The Legislative Analyst issued
a report yesterday
slamming California’s High Speed Rail project. The
analyst cited a number of problems including uncertain funding, conditions
attached to federal funds and poor management of the project. While the analyst
recommended some changes that might help the project, I wonder if the voters would
like a second crack at voting on high-speed rail. Cut their loses before things
get worse.

The huge $9-billion bond voters approved as Proposition 1A
in 2008 passed with 52.6% of the vote with pretty much all the money spent in
the campaign on the Yes side. (Full Disclosure: I participated in a number of
debates representing the No side.) Ultimately, the cost of the huge project is
pegged at $43-billion.

Calculations in support of the project never seemed real,
especially the projected number of riders to make it financially stable and the
actual cost. Sure enough, once the measure passed, estimates on the project’s
cost inflated and the numbers of potential riders deflated.

Then the team in charge of the project decided to start it
in a less populated section of the state and California’s ballyhooed high-speed
rail project was soon dubbed "the train to nowhere."

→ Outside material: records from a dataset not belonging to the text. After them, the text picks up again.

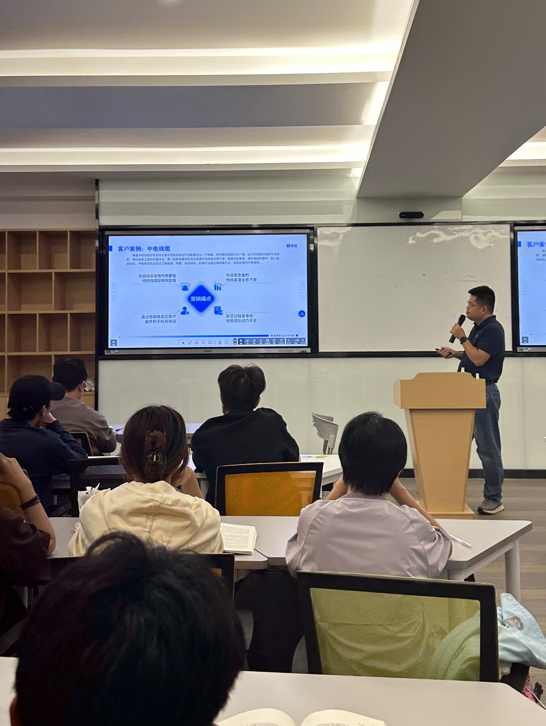 课堂伊始,授课老师为同学们讲解了人工智能在营销领域的应用及相关基础理论内容。随后何总经理对企业的人工智能技术和产品展开了深入剖析,同时借助电缆行业和跨境电商行业的两个典型客户案例,向同学们展示了人工智能技术在营销领域的巨大潜力,人工智能技术为营销行业带来了前所未有的变革,助力企业实现了营销效率的全面提升。何总经理还就人工智能在企业实际运用中可能存在的问题和挑战进行了讲解,如数据安全、隐私保护、算法歧视等,并分享了企业应对相应问题的举措。他强调企业在应用人工智能技术时,要严格遵守法律法规,确保技术应用的合规性。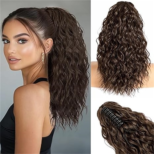 Braune Pferdeschwanzverlängerung, 45 cm (18 Zoll), lockig-wellig, mit Clip-in-Befestigung, mehrlagig, flauschig, natürlich aussehendes Kunsthaarteil für Damen (dunkelbraun), 45 cm (18 Zoll).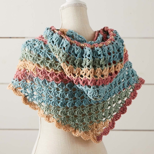 9. Multishaded Lacey Hooded Shawl Crochet Pattern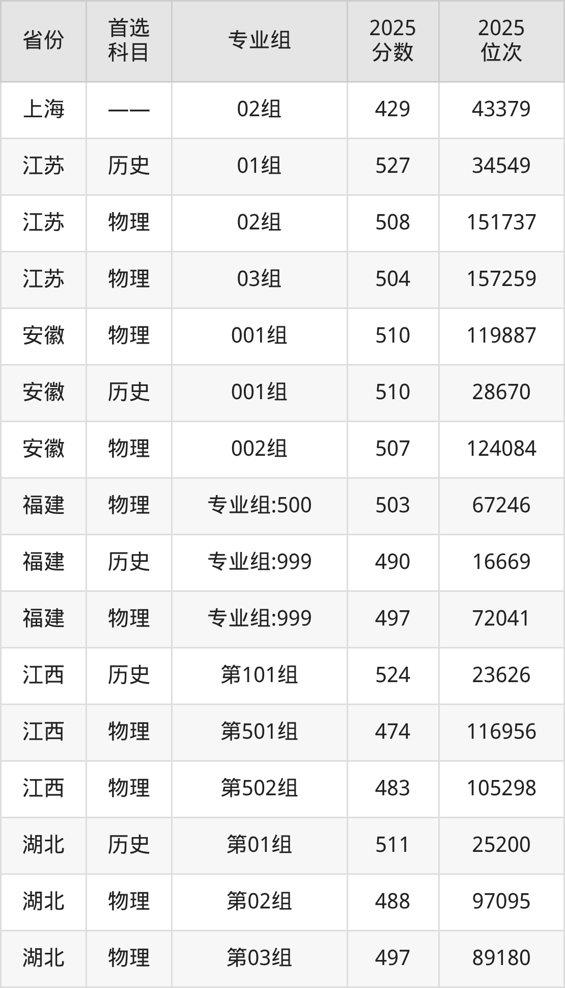 因为大部分地区目前只公布了院校(专业组)分数线,为了方便2026年考生参考,本文就整理出赣南科技学院在全国各省不同科类的最低分: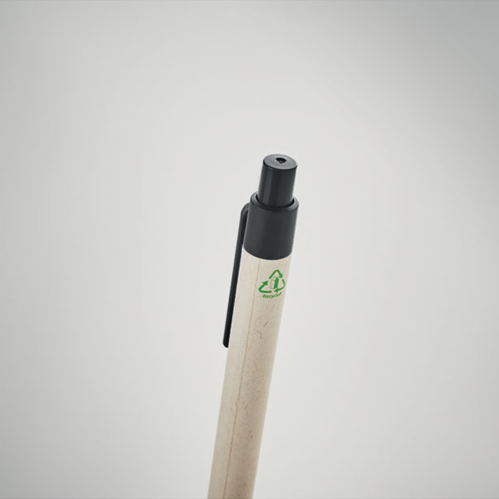 Penna a sfera a pulsante con fusto in cartone riciclato del latte (70%) e parti in PLA (in mais biodegradabile al 100%). Inchiostro blu.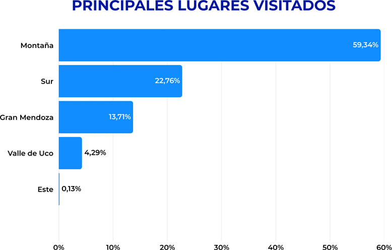Esta fuerte polarización en la elección de destinos se fundamenta, por un lado, en el alto interés manifestado por el Turismo Naturaleza. Por otro lado, la cercanía de estos destinos dominantes a los principales centros de distribución de visitantes (como la Ciudad de Mendoza y la Ciudad de San Rafael) actúa como un factor logístico clave para explicar esta distribución de las visitas.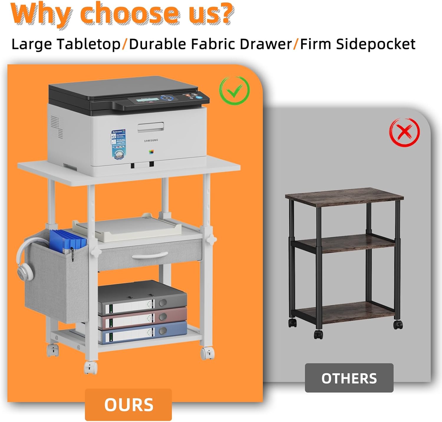 Large 22"x15" Printer Stand, 3-Tier Height Adjustable with Storage Drawer & Side Bag, Rolling Cart for Heat Press/Laser/3D Printer (White)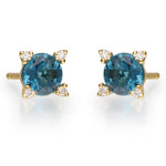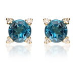 Decorate yourself in elegance with this Earring is crafted from 14K Yellow Gold by Gin & Grace. This Earring is made up of 7 Brazilian London Blue topaz Round-cut (2 pcs) 1.15 carat, Round-cut White Diamond (8 Pcs) 0.04 Carat. This Earring is weight 0.90 grams. This delicate Earring polished to a high finish shine.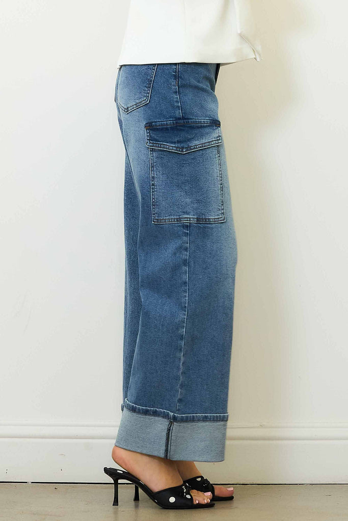 [XPT264R] Cuff Hem Cargo Wide Leg Jeans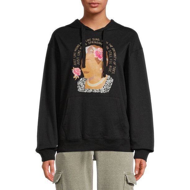Black History Month Maya Still I Rise ladies young adult graphic hooded pullover sweatshirt. Soft fleece fabrication to provide a comfy relaxed fit paired with inspirational graphic design of Maya. Silhouette has a kangaroo pocket and rib cuffs, waistband.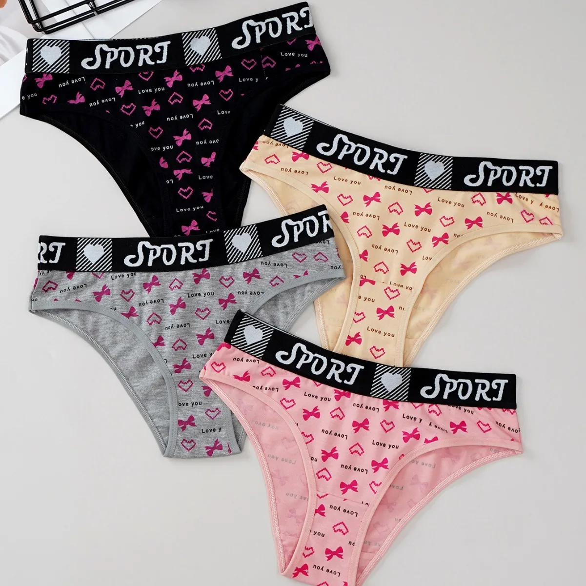 4PCS Women Panties Cotton Crotch Briefs String Femme Sexy Women’s Intimates Female Femme Lingerie Elastic Breathable Underwears
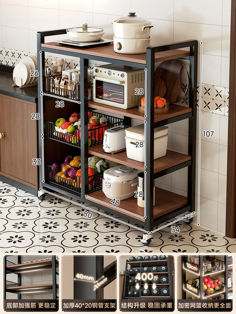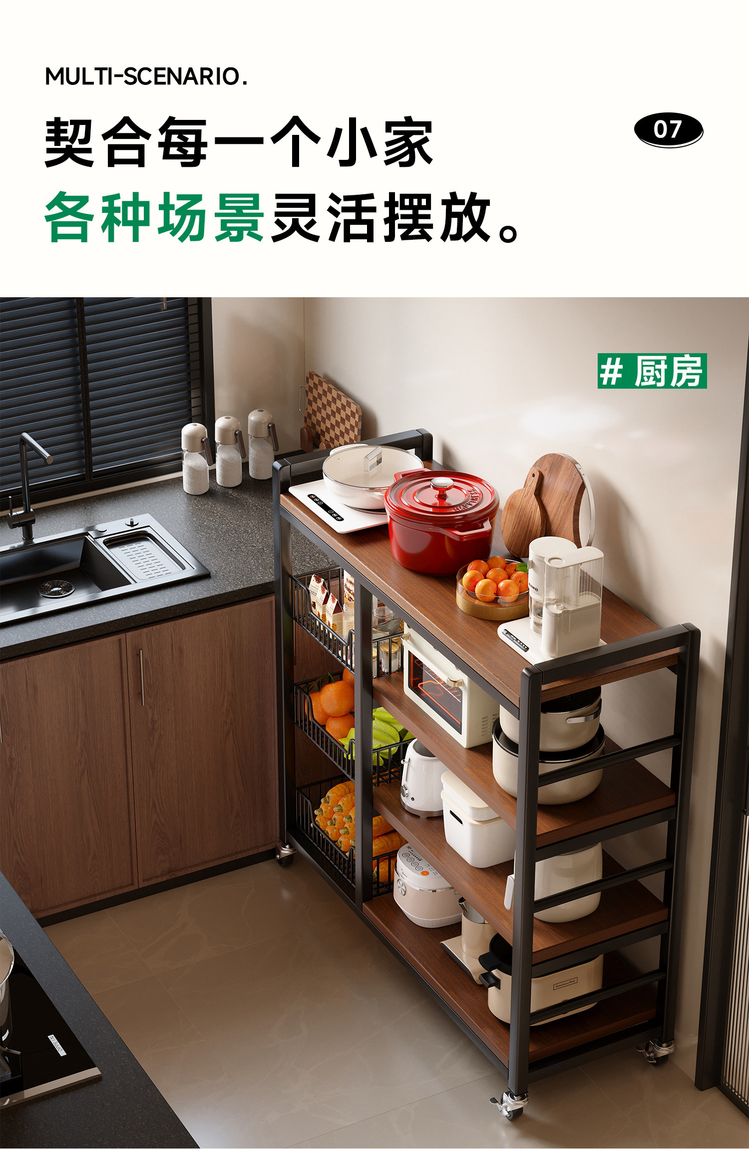 新款厨房多功能置物架落地多层果蔬菜架微波炉收纳架家用简易货架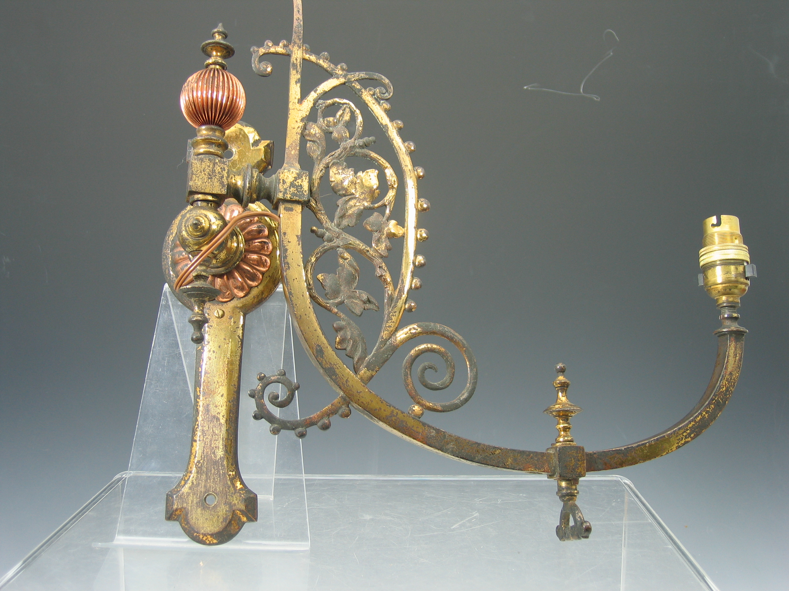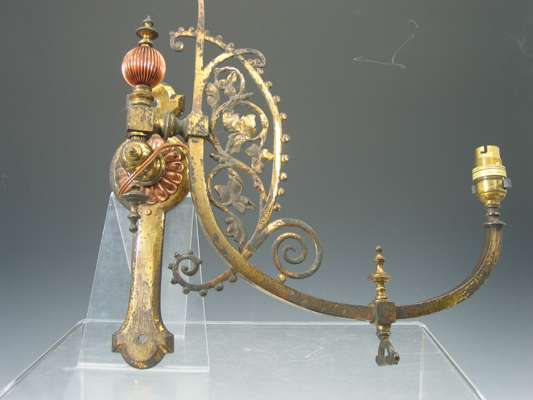 A pair of Aesthetic Movement brass and copper hinged wall lights,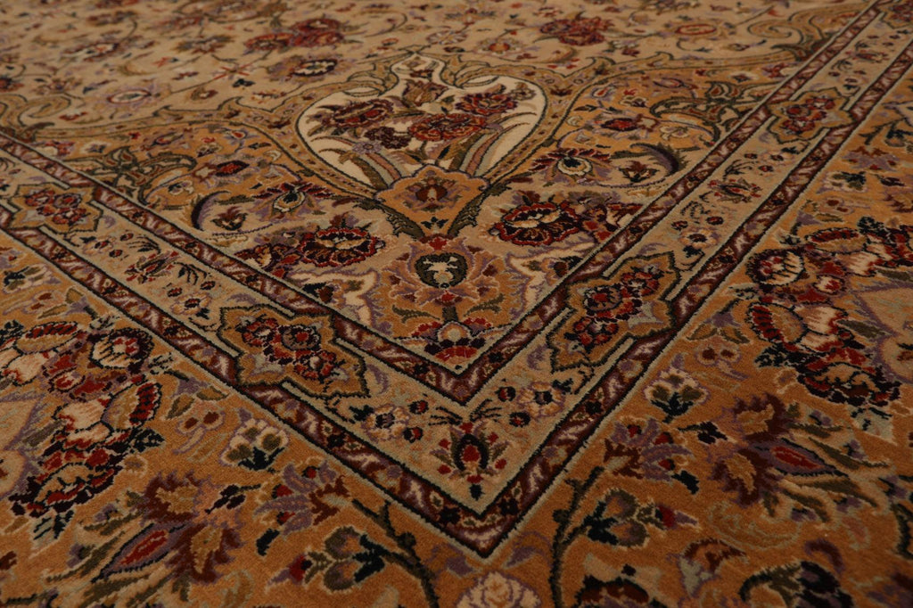Cosmopolitan and sophisticated in look, the rug has been hand crafted by artisans to a flawless composition. The main field comprising highly stylized floral and botanical elements is encompassed by a handsome multi-band border. The design of the border compliments the inner field and adds gentle grandeur to the artful composition of the rug. This rug representing an illustrious legacy of exquisite artistry and intricate craftsmanship is primed to add visual glamor and class to its surroundings. Its soft texture and timeless design make it ideal to enhance any space where it is placed.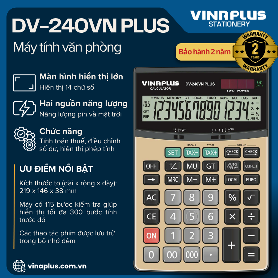 TÍNH NĂNG NỔI BẬT Máy tính Vinaplus DV-240VN PLUS sở hữu thiết kế to với màn hình hiển thị lớn, phục vụ nhiều nhu cầu tính toán khác nhau. Chức năng nổi bật như tính tỷ lệ phần trăm, tăng giá, tính thuế, đổi tỷ giá giúp bạn hoàn thành nhanh chóng các công việc cần tới sự tính toán với các bước tính ngắn và chuẩn xác nhất.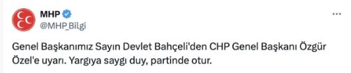 MHP'nin resmi sosyal medya hesabından yapılan paylaşımda, Özgür Özel’e yönelik uyarı niteliğinde bir açıklama yer aldı. Açıklamada, “Genel Başkanımız Sayın Devlet Bahçeli’den CHP Genel Başkanı Özgür Özel’e uyarı. Yargıya saygı duy, partinde otur.” ifadeleri kullanıldı.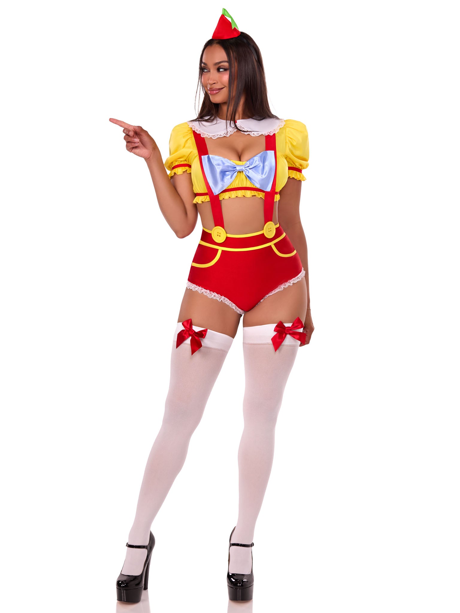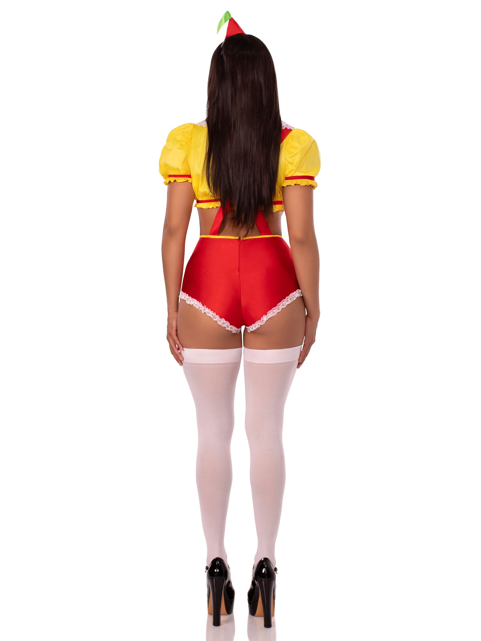 3 PC Double Trouble Darling Costume, Includes Crop Top with Peter Pan Collar, Suspender Shorts with Bow Accent, and Hat Headband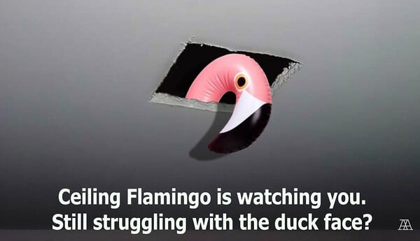 «Μία σύντομη ιστορία γνωστών εικόνων προερχόμενων από τον χώρο της ζωγραφικής, της γραφιστικής, του κινηματογράφου και του ίντερνετ ιδωμένων από την σκοπιά των φουσκωτών φλαμίνγκο.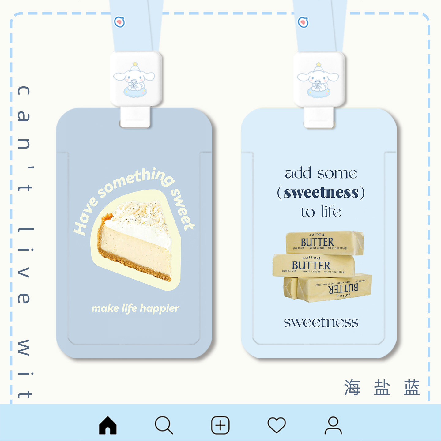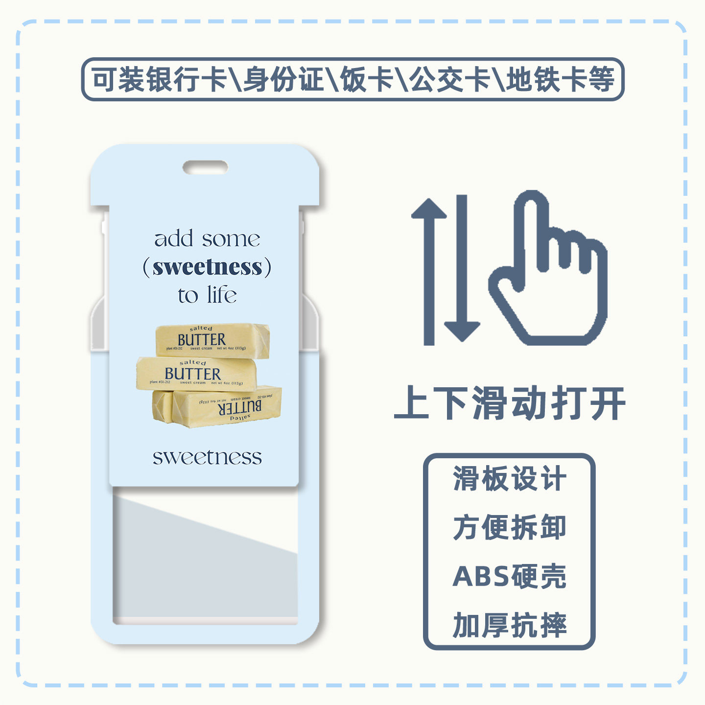 海盐蓝INS风高颜值简约硬壳 市民卡学生校园饭卡地铁公交卡包门禁伸缩挂脖饰工作证件套 可爱风羊城通身份证
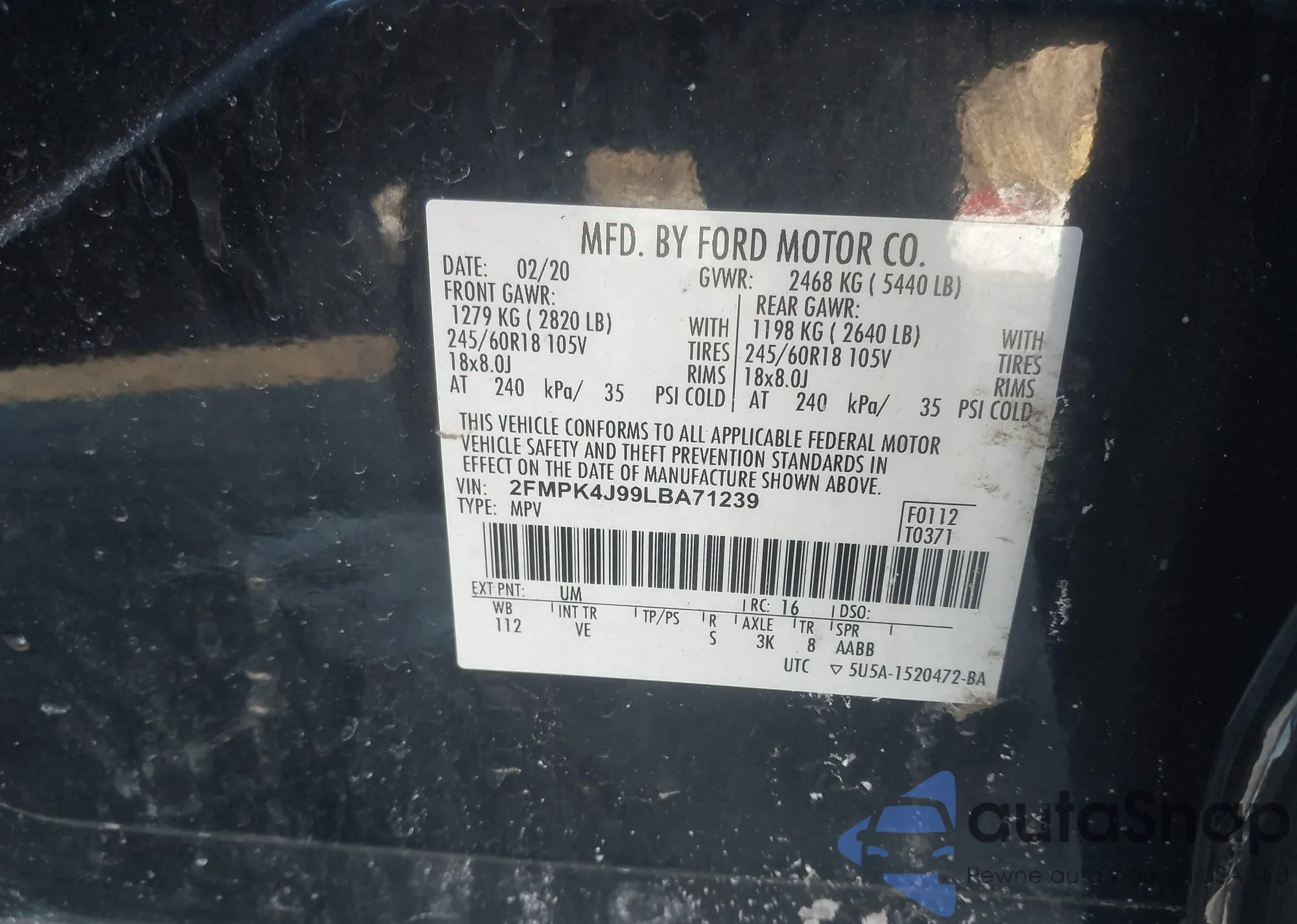 LOT: 76172625 VIN: 2FMPK4AP5LBA20030

There is no assurance that the legislative analyst’s
remedies will save the project. The state cannot afford a boondoggle. The
analyst is even suggesting that a $185 million payment to high-speed rail be
cut to $7 million this year. The rest of that money could go toward the
deficit, I suppose.

The larger issue is should the voters have a chance to
reconsider their decision from three years ago. Yes, taxpayers will have lost
some big money if we pull out now.  But,
will we lose even bigger money if the project continues its downward spiral?

Should the voters get a chance to vote again?